Cornell Law School Logo - white on transparent background

Print Vol. 104, Issue 7

Article

Does the Clear and Present Danger Test Survive Cost-Benefit Analysis?

Cass R. Sunstein, Robert Walmsley University Professor, Harvard University.

, , , ,

15 Nov 2019

Under American regulatory law, the dominant contemporary test involves cost-benefit analysis. The benefits of regulation must justify the costs; if they do, regulation is permissible and even mandatory. Under American free speech law, in sharp contrast, an important contemporary test for the regulation of speech involves “clear and present danger.” In general, officials cannot censor or regulate political speech on the ground that the benefits of regulation justify the costs. They may proceed only if the speech is likely to produce imminent lawless action. In principle, it is not simple to explain why the free speech test does not involve cost-benefit analysis, as indeed both Judge Learned Hand and the Supreme Court insisted that it should in the early 1950s. An initial explanation points to the difficulty of quantifying both costs and benefits in the context of speech. That is indeed a serious challenge, but it does not justify the clear and present danger test, because some form of cost-benefit balancing is possible on a more informal, intuitive basis.
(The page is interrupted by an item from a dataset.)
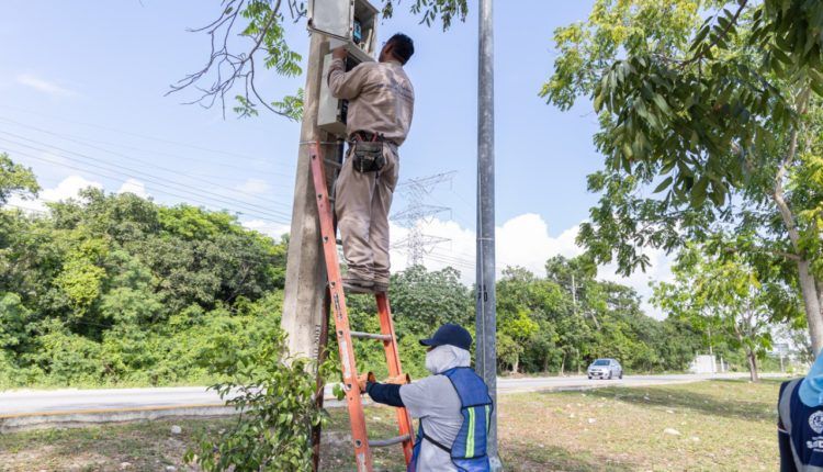 El gobierno municipal y FONATUR realizan esfuerzo conjunto para instalar 160 postes y 320 lámparas y reducir áreas oscuras sobre la carretera federal 307

A second and more plausible explanation points to the serious risk of institutional bias in any assessment of the costs and benefits of speech. This explanation has considerable force, but it rests on uncertain foundations, because institutional safeguards could be introduced to reduce any such bias. The third and best justification of the clear and present danger test is that in practice, it does not impose high costs, because the speech that ends up being immunized from regulation has not, in practice, turned out to be especially harmful. On this view, the benefits of the clear and present danger test turn out to justify its costs, and the test is not inferior to an approach that would allow regulation of political speech if the benefits of regulation justifies the costs. From 1960 until 2001, this assessment was probably correct for the United States, but fair questions can be raised about whether it is correct today, especially in the context of recruitment to commit terrorist acts, pro-terrorist speech, and certain kinds of “fake news.”